Problem statement —
The reply should hold only the lines from the one with "The standout of" to the one with "يصفى ويترك ليبرد.", both ends kept, exactly as they appear below, without any pictures.

Source information —

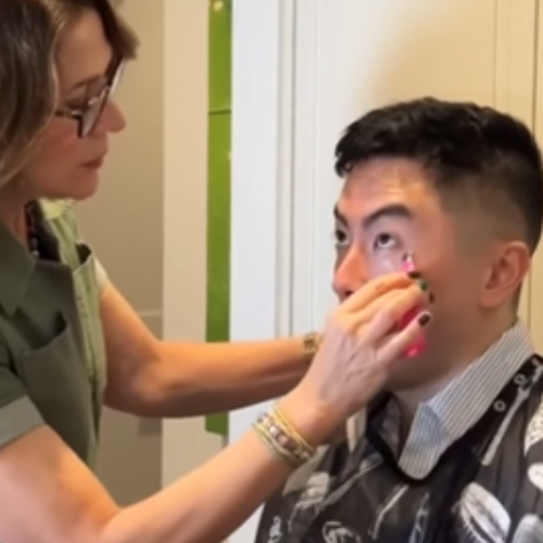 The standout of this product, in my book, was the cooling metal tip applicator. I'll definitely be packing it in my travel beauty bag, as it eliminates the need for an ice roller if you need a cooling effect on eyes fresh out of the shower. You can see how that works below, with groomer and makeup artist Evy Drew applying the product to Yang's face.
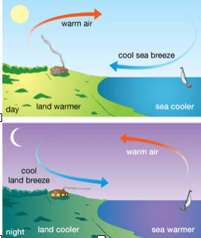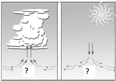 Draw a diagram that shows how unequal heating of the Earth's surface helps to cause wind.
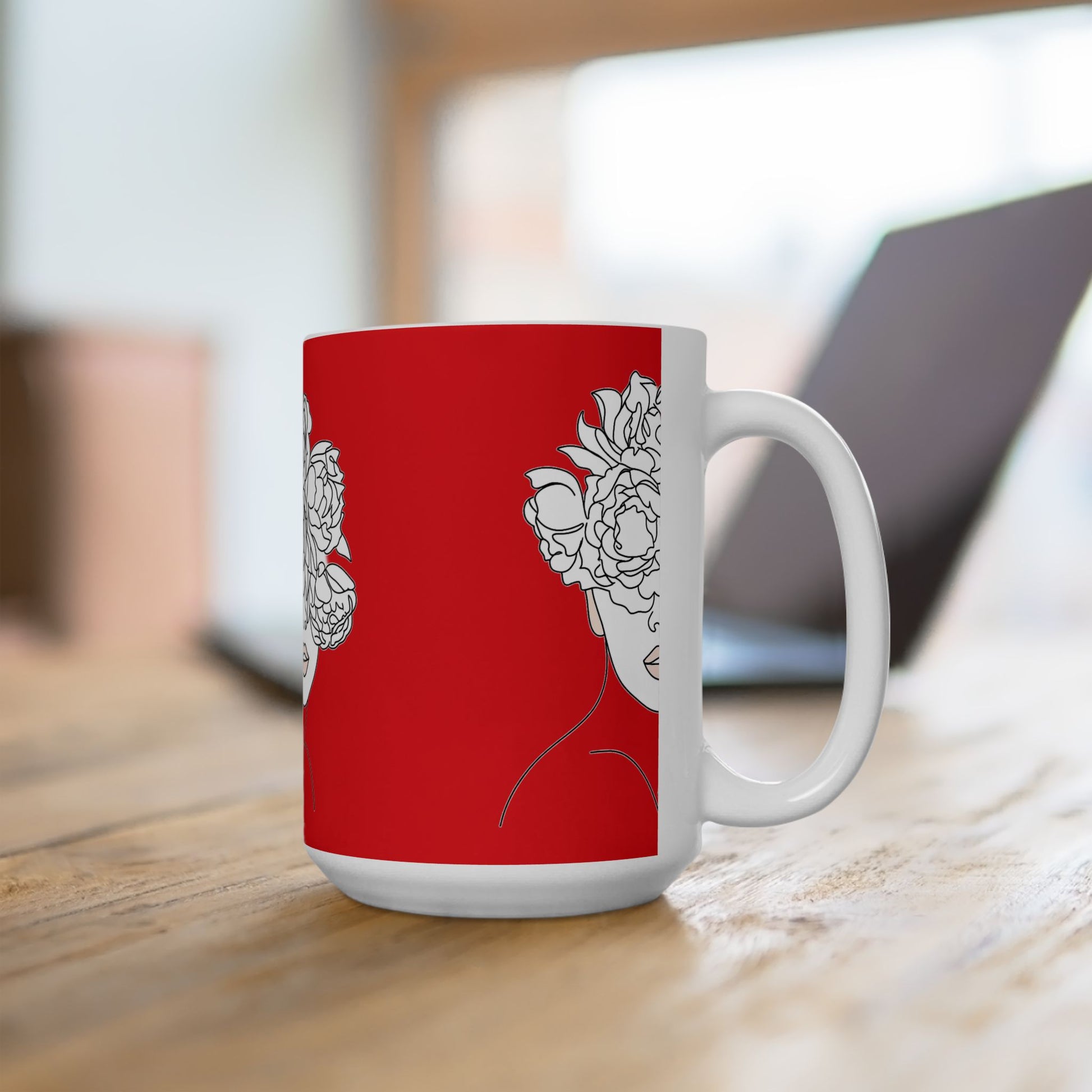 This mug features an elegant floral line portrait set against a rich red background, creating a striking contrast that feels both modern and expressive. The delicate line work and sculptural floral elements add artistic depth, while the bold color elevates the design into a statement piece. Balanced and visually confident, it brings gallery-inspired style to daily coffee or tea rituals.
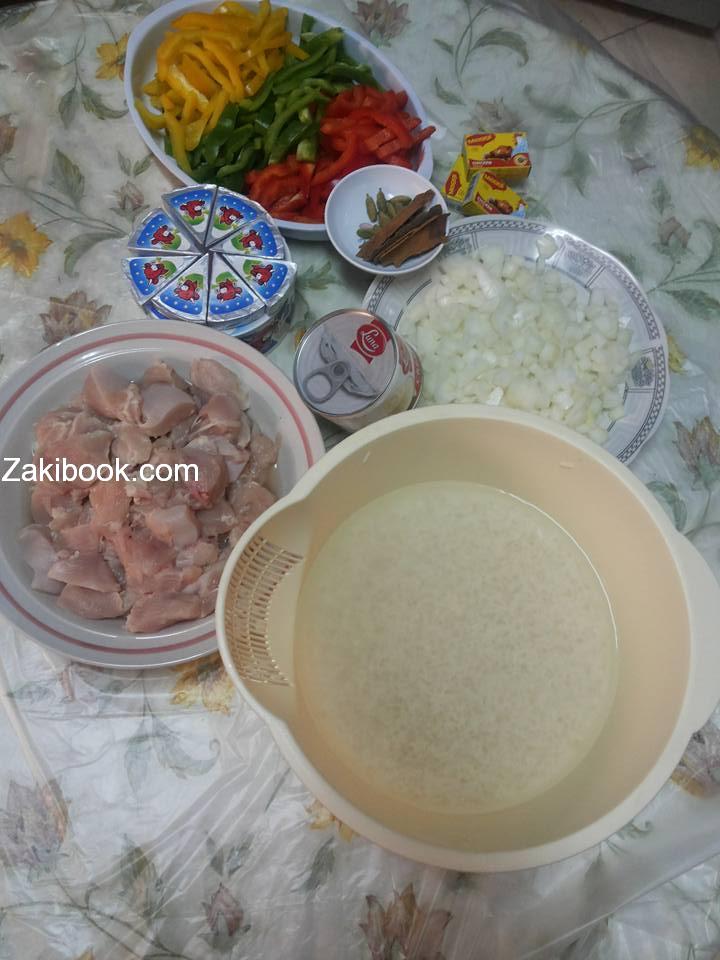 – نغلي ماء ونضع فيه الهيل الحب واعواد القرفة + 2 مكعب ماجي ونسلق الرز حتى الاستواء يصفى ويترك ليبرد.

...

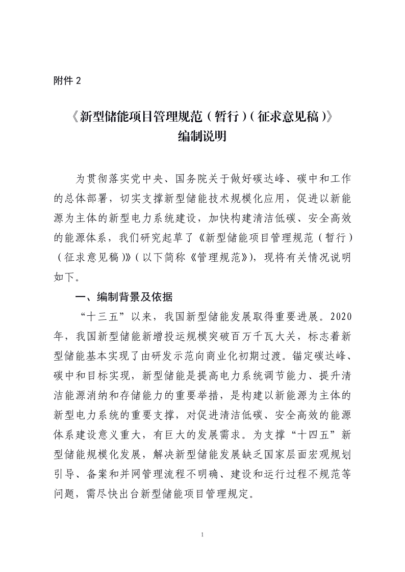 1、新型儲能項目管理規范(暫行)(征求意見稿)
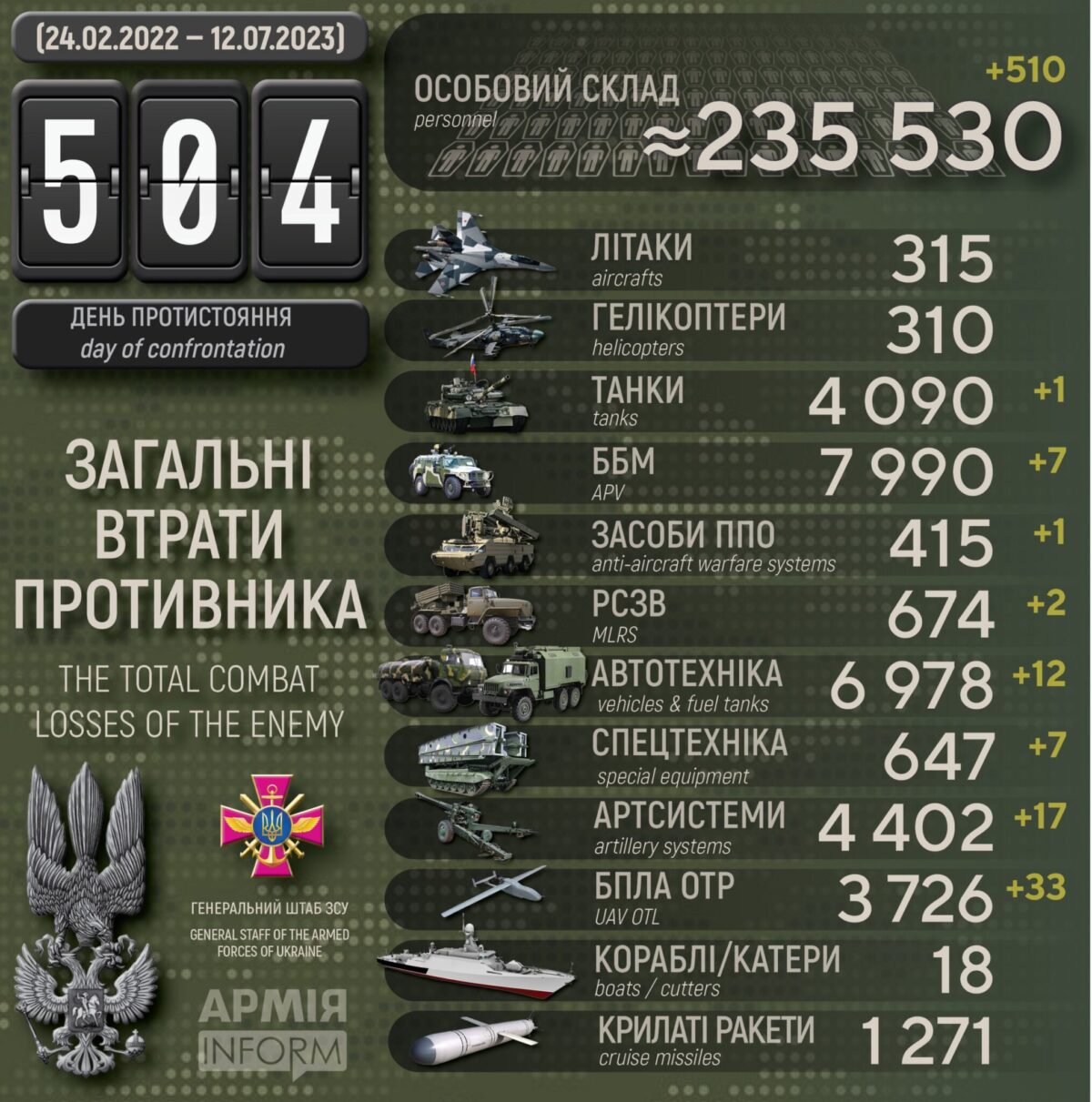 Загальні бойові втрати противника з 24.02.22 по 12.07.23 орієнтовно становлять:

Task response —
 The standout of this product, in my book, was the cooling metal tip applicator. I'll definitely be packing it in my travel beauty bag, as it eliminates the need for an ice roller if you need a cooling effect on eyes fresh out of the shower. You can see how that works below, with groomer and makeup artist Evy Drew applying the product to Yang's face.
 Draw a diagram that shows how unequal heating of the Earth's surface helps to cause wind.
 This mug features an elegant floral line portrait set against a rich red background, creating a striking contrast that feels both modern and expressive. The delicate line work and sculptural floral elements add artistic depth, while the bold color elevates the design into a statement piece. Balanced and visually confident, it brings gallery-inspired style to daily coffee or tea rituals.
 – نغلي ماء ونضع فيه الهيل الحب واعواد القرفة + 2 مكعب ماجي ونسلق الرز حتى الاستواء يصفى ويترك ليبرد.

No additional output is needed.